Third, O’Brien conferred with his counterparts from France, Germany, Holland, Italy, and the United Kingdom. “Overall, the meetings have been extraordinarily constructive, and my belief is that the Atlantic Alliance and the relationship between North America and specifically the United States and our partners in Western Europe are strong,” O’Brien observed. “It remains strong, even if there are family squabbles over trade or economic issues. Because what underlies the relationship are our values: Our belief in the world order, our belief in democracy, our belief in human rights. And that’s what’s always going to pull us together, notwithstanding some of the squabbles that we have.”
Fourth, O’Brien repeatedly sledgehammered red-hot wedges between America’s European friends and the increasingly menacing People’s Republic of China. With an almost Buddhist serenity, the Mormon O’Brien listed multifarious outrages that have earned Beijing the West’s collective cold shoulder.
“China’s been involved in massive economic theft from the United States,” O’Brien said. “The Chinese take advantage of the COVID crisis in an effort to replace our way of life…the effective annexation of Hong Kong…The fact that the Chinese ambushed the Indians and clubbed over 20 Indian soldiers to death in a really horrific fashion…the debt traps that they’ve created in many Third World countries…forced sterilizations, forced birth control, children being put into state-run orphanages, the continued use of reeducation camps, the mass surveillance of mosques,” all of which terrorize China’s Muslim Uighur population.

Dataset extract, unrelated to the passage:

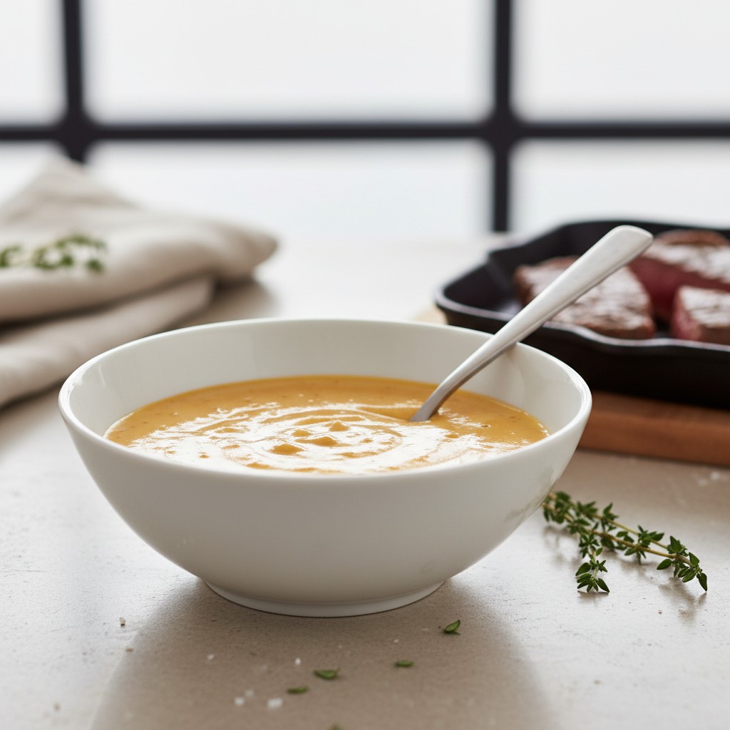 - Une fois la sauce bien lisse et onctueuse, retirez-la du feu. Servez immédiatement sur des viandes grillées, rôties ou poêlées.

O’Brien also applauded Great Britain’s decision to abandon Huawei’s 5G technology which he believed would have exposed the UK to Beijing’s “dangerous manipulations.”
Fifth, O’Brien practiced public diplomacy with an easygoing roundtable of nine Paris-based journalists. Speaking at the opulent American Ambassador’s Residence, built in 1842, O’Brien fielded questions for 45 minutes on a wide array of issues. He displayed deep knowledge on everything from increased defense spending by most NATO allies to mysterious fires in Iran’s nuclear-research facilities to negotiating advice for Libya’s competing military factions.

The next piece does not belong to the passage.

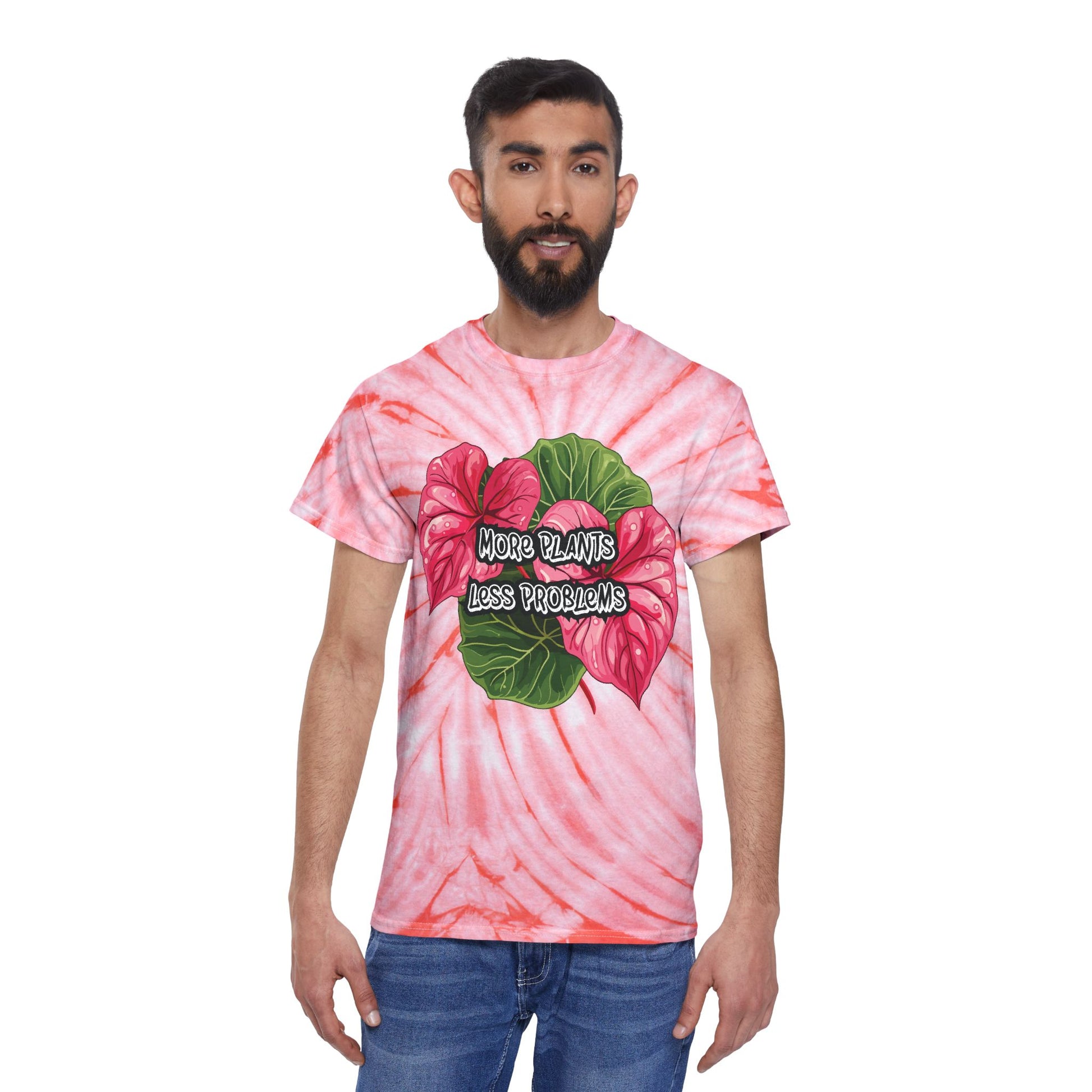 Sun-warmed and playfully botanical, this tie-dye tee brings the calm of a houseplant corner into everyday wear. A soft yellow spiral echoes sunlight through leaves, while hand-drawn anthurium artwork centers the chest with the phrase “More Plants Less Problems.” It’s the kind of shirt you pull on when you want to feel grounded, cheerful, and a little cheeky — whether you’re tending a new cutting, wandering a weekend market, or hosting a slow Sunday coffee swap. The classic fit and sturdy construction keep it feeling familiar and lived-in, while the unique dye pattern means every piece has subtle variations that make it feel personal. Wear it with jeans and a tote for plant shop runs, or layer under an open cardigan during planting sessions.

After bidding the press adieu, O’Brien huddled with France’s president and then jetted home Wednesday evening on the modified 757 whose fuselage bears in bold letters the name of the nation that he so adroitly represented for three dizzying days in Paris: UNITED STATES OF AMERICA.
Deroy Murdock is a Manhattan-based Fox News Contributor, a contributing editor with National Review Online, and a senior fellow with the London Center for Policy Research. Murdock has known Robert C. O’Brien since they won college scholarships from the Washington Foundation in the early 1980s.